Più dell’8% del totale dei residenti in Italia è straniero e fetta corposa degli stranieri residenti (circa il 60%) si concentra al Nord e la maggior parte di essi proviene dall’Unione Europea.

Per quanto riguarda istruzione e formazione, il 34,5% della popolazione possiede una qualifica professionale o un diploma di istruzione secondaria; meno del 14% dei residenti con più di 25 anni possiede un titolo di studio terziario e tra chi lo possiede è prevalente la componente femminile.

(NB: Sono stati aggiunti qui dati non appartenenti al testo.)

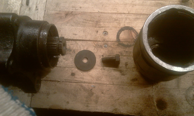 Дааа, позвонили мне и мы там что-то не поладили по телефону. Короче, под руку сказали нехорошее. Вот я и сломал метчик с горяча. 1 см метчика остался на глубине в 1 см. Внутри вала. При попытке достать его, там же были оставлены, ручки натфелей, часть головки на 6, гвозди и т.д. Запрессовали еще сильнее :) Плюнул. Собрал. Поехал.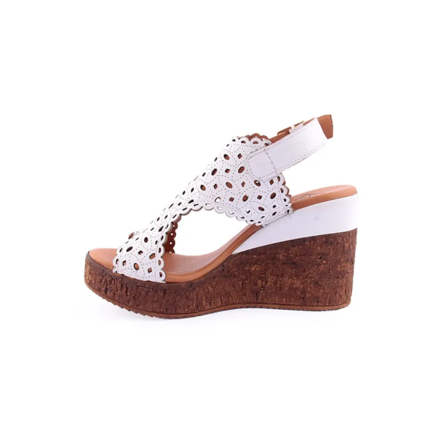 Sandália em pele, com salto em cunha para senhora. Salto com 10cm de altura.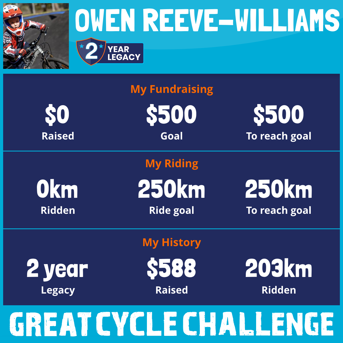 “Great work Owen and a wonderful cause to raise money for. You have my support.”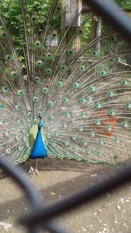 Ein Pfau schlägt seine Augenfedern zum Rad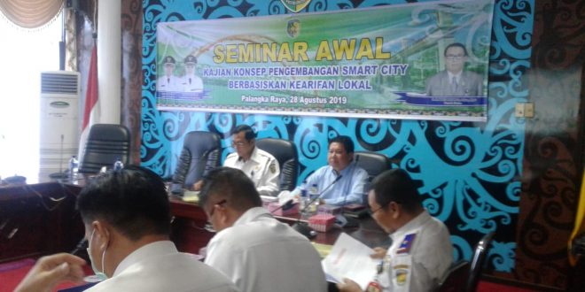 MMCKalteng, Palangka Raya – Pemerintah Kota Palangka Raya melalui Badan Penelitian dan Pengembangan Kota Palangka Raya bersama-sama dengan Tim Peneliti Lembaga Penelitian dan Pengabdian kepada Masyarakat (LPPM) Universitas Palangka Raya melaksanakan seminar awal tentang konsep pengembangan smart city berbasis kearifan lokal di Ruang Rapat Peteng Karuhei I Kantor Walikota Palangka Raya, Rabu (28/8/2019). Plt. Asisten II Bidang Ekonomi, Pembangunan dan Kesra, Ikhwanudin dalam sambutannya mengatakan sangat mendukung sekali dengan adanya kajian yang dilakukan Pemerintah Kota Palangka Raya bersama-sama dengan tim peneliti dari Universitas Palangka Raya dan hasilnya nanti dapat bermanfaat bagi pembangunan dan pengembangan Kota Palangka Raya. Ariesta Lestari, S.Kom, M.Cs anggota tim peneliti dari LPPM Universitas Palangka Raya dalam paparannya mengatakan kota cerdas atau smart city adalah sebuah kota yang dapat mengatur sumber dayanya (alam dan manusia) secara efektif dan efisien dalam mencapai pembangunan berkelanjutan dan kenyamanan dalam berkehidupan. Sedangkan maksud dan tujuan dari penelitian ini bermaksud menyediakan arah kebijakan pengembangan smart city yang sesuai dengan permasalahan yang ada di Kota Palangka Raya dan sesuai dengan visi misi Walikota Palangka Raya sedangkan tujuannya adalah melakukan identifikasi kondisi eksisting pemanfaatan Teknologi Informasi dan Komunikasi (TIK) serta analisis terhadap potensi pemanfaatan TIK di Kota Palangka Raya. Dalam melakukan analisis kearifan lokal yang berkembang di Kota Palangka Raya terkait dengan pemanfaatan TIK, menyelaraskan penerapan smart city dengan business process Pemerintah Kota Palangka Raya, SOPD lainnya, instansi terkait serta dapat berakselerasi dalam percepatan transformasi birokrasi dan menyusun perencanaan asitektur smart city yang berbasis kearifan lokal yang bisa diterapkan di Kota Palangka Raya dan perencanaan roadmap program kerja 5 tahun guna mendukung penyusunan anggaran APBD. (MC Isen Mulang). |
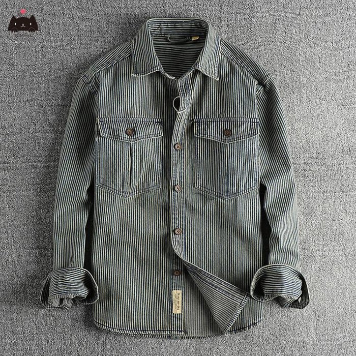 優寶購物《ubao.Tw》特貨品商城,黑貓宅配,取貨付款,色織條紋材質水洗做舊復古工裝牛仔襯衫男士休閒襯衫外套 DV2K | Yahoo拍賣

Le lauree che contano il maggior numero di occupati sono scientifiche, in particolare scienze matematiche, informatiche e ingegneria.

Il tasso di disoccupazione della Campania è 21.74%, tra i più alti dello stivale.

La struttura del sistema produttivo italiano resta incentrata sulle microimprese. Ciò che rappresenta una novità è, indubbiamente, il rapporto delle suddette con internet e, in particolare, con l’e-commerce. Quasi il 70% delle imprese italiane ha più di 10 addetti presenti sul web, e circa il 43% ha effettuato commercio elettronico.

Tutto questo e tanto altro può essere trovato nell’Annuario statistico italiano.